Generate the runtime:

```shell
ocragent init tools
```

OCRAgent writes executable Python to `$HOME/.ocragent/user_toolbox.py`. Review this file before running it with credentials.

Initialize and parse a document folder:

```shell
cd /path/to/documents
ocragent init docs
ocragent run --out-dir ocragent_results
```

## CLI Example

```text
$ ocragent tool --list --scope=parser
pdf2txt	scope: parser cost: low	Extract PDF text with PyMuPDF.
	--path /path/to/file.pdf

pdf_pages_to_images	scope: parser cost: medium	Render each PDF page to a PNG image with PyMuPDF.
	--path /path/to/file.pdf
	--out-dir /path/to/page-images

pandoc2txt	scope: parser cost: low	Convert office documents to plain text with Pandoc.
	--path /path/to/file

$ cd ~/cases/mixed_docs
$ ocragent init tools --from ./ocragent.toolbox_user.txt
# writes /home/me/.ocragent/user_toolbox.py
# reports valid and failed user tools

$ ocragent init docs
# writes .ocragent_memory.txt
# reports detected groups, file_count, and unmatched_count

$ ocragent run invoice.pdf scans/ --out-dir ocragent_results
# writes parsed files under ocragent_results/
# reports parsed_count, failed_count, skipped_count, and output_stats
```

The commands return JSON in normal use. The example above keeps the flow compact and notes the important fields.

## Output

OCRAgent preserves relative paths:

```text
docs/report.pdf -> ocragent_results/docs/report.pdf.txt
scans/page-01.jpg -> ocragent_results/scans/page-01.jpg.md
```

It also writes a folder memory file:

```text
.ocragent_memory.txt
```

The memory file is prose. It records file groups, difficulty estimates, tool choices, and run summaries. Later parser runs use it as context.

## Architecture

```text
CLI  (ocragent init / run / tool)
 |
AI Agents  (init_tools / parser / reviewer)
 |
Tool chain  (builtin tools + user_toolbox.py)
```

![Architecture diagram](docs/assets/readme-architecture.jpg)

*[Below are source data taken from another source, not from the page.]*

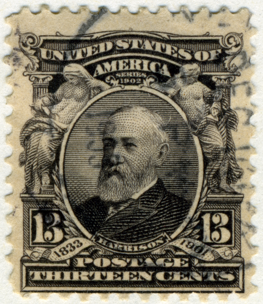 13-cent 1902 series United States postage stamp, perforated (12) with double-line watermark, depicting Benjamin Harrison.
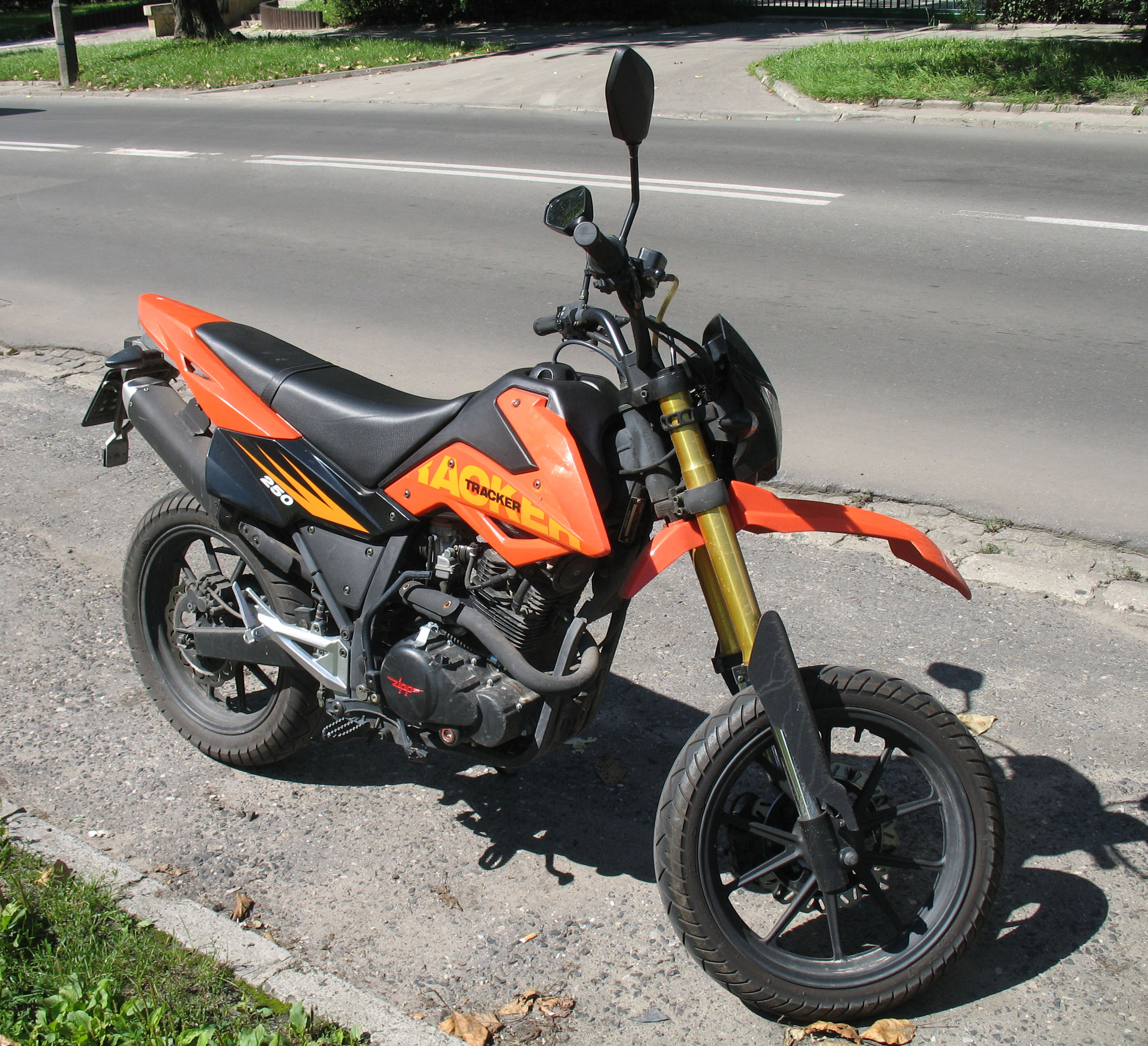 Zipp Tracker 250 motorcycle in Kraków, Poland.
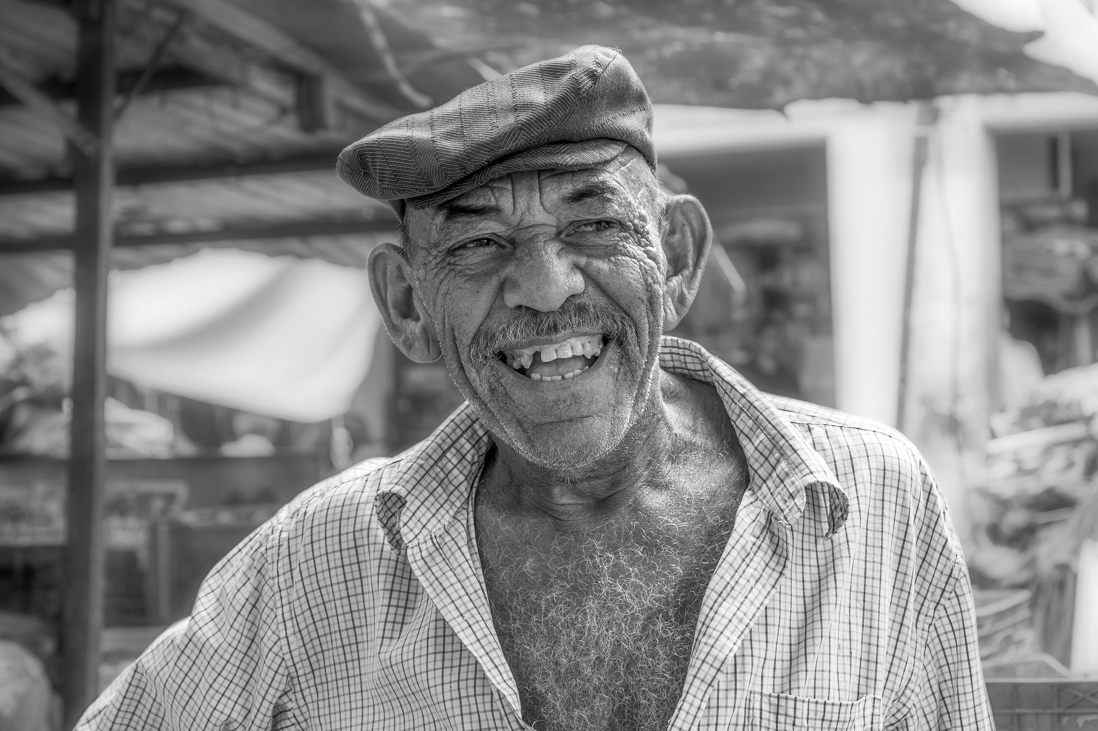 Fishmonger smiling, Maracaibo street market, Venezuela
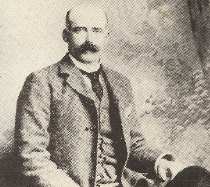 John Molteno Jr. Pioneering Cape exporter and influential politician. Cape Colony.
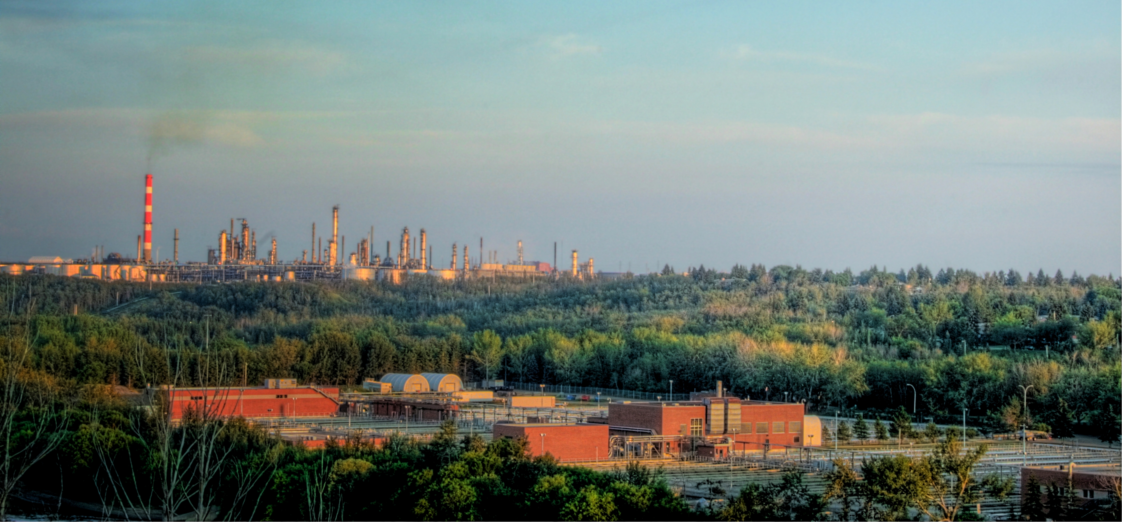 The Gold Bar Wastewater Treatment Plant (foreground) in Edmonton, Alberta, Canada. In the background is a portion of the "Refinery Row" petrochemical processing plants east of Edmonton.
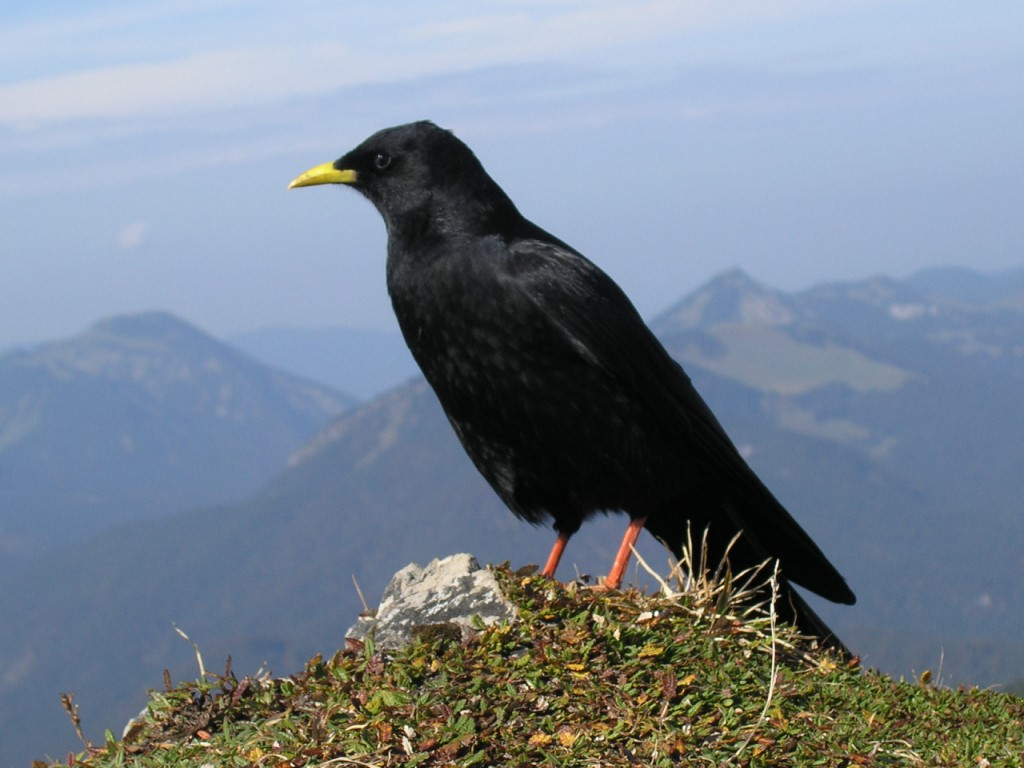 Alpine Chough
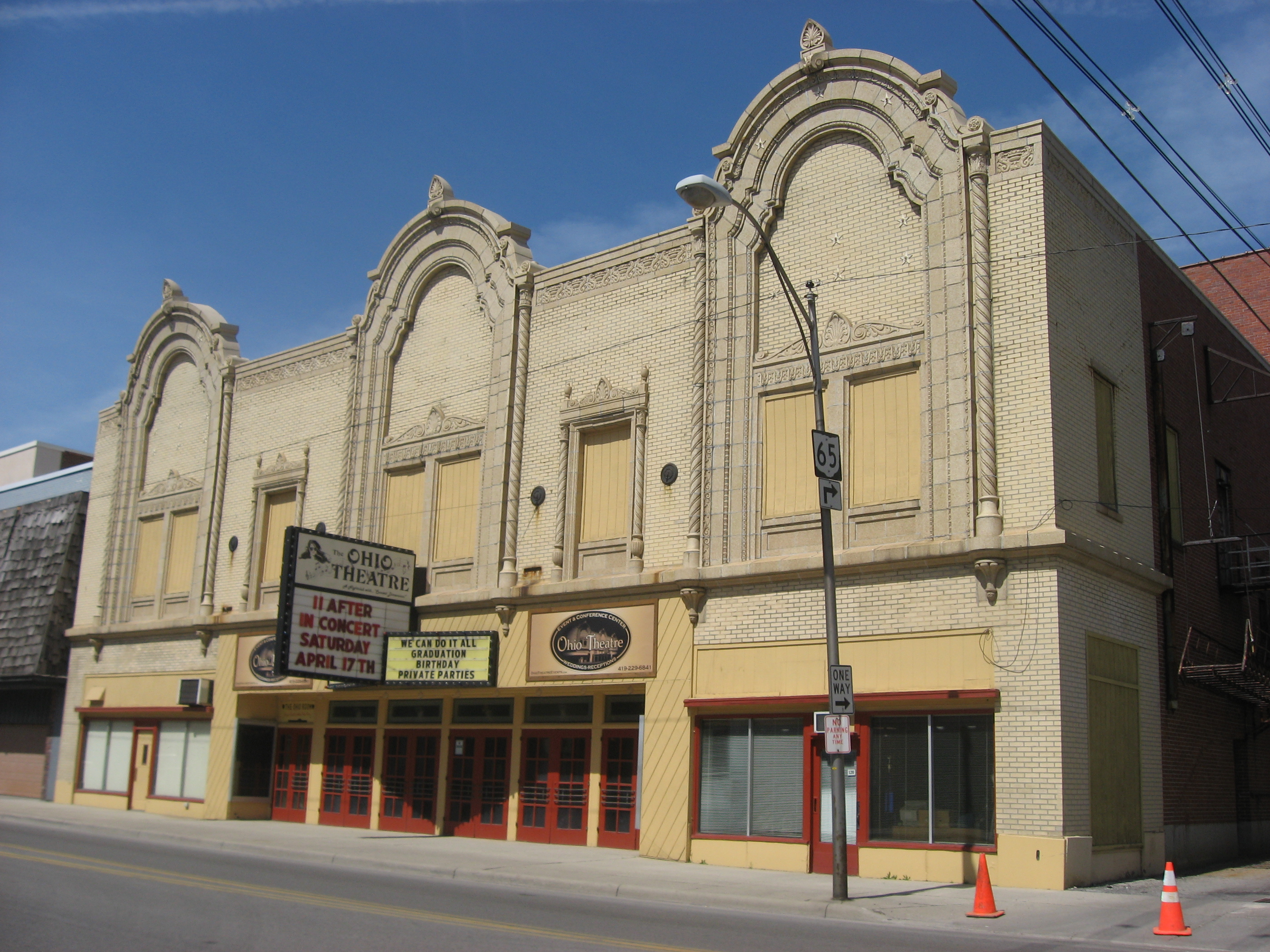 Front of the Ohio Theatre, located at 122 W. North Street in Lima, Ohio, United States. Built in 1927, it is listed on the National Register of Historic Places.

| Plane | Responsibility | Examples |
| --- | --- | --- |
| CLI and commands | Stable command behavior | config, paths, logging, stdout, stderr |
| Tool registry | Parser capability boundary | PDF text, image thumbnails, Pandoc, user OCR, VLM APIs |
| Agent loops | Runtime decisions | file grouping, tool selection, review, retry |

The parser agent does not call vendor APIs directly. It reads the available parser tools, chooses one, runs it through the tool boundary, and sends extracted text to the reviewer. If review fails, the parser can retry with another tool or a higher-cost route.

## Configuration

Configuration priority:

1. Environment variables.
2. `./ocragent.settings.toml`.
3. `~/.ocragent/ocragent.settings.toml`.
4. Package defaults.

Common settings:

```toml
[aigc.api.chatcomp]
base = "http://localhost:8080/v1"
authkey = ""
model = ""
model_hasVision = true

[output]
dir = "ocragent_results"
ext = "auto"
parser_summary_batch = 5

[reviewer]
max_length = 1000
```

The complete default file is [src/ocragent/ocragent.settings.default.toml](src/ocragent/ocragent.settings.default.toml).

## Documentation

- [User Guide](docs/user-guide.md)
- [Architecture](docs/architecture.md)
- [Agent Loop](docs/agent-loop.md)
- [Tool Mechanism](docs/tool-mechanism.md)
- [Developer Guide](docs/developer-guide.md)

## Contributing

OCRAgent is beta. Breaking changes are still possible.

Useful contributions:

- Add or improve builtin parser tools.
- Add demo assets for real document cases.
- Improve reviewer prompts and failure cases.
- Strengthen tests around CLI behavior, tool discovery, and generated user tools.
- Write adapters for common OCR, VLM, and document conversion backends.
- Improve documentation for tested workflows.

Run tests:

```shell
uv run python -m unittest discover -s tests
uv run --extra pdf python -m unittest discover -s tests
```

Important paths:

- `src/ocragent/cli.py`: command boundary.
- `src/ocragent/cmd/`: command implementations.
- `src/ocragent/cmd/tool.py`: builtin and user tool contract.
- `src/ocragent/agent/`: model-facing loops.
- `src/ocragent/config.py`: layered settings.
- `tests/`: test suite and CLI flow checks.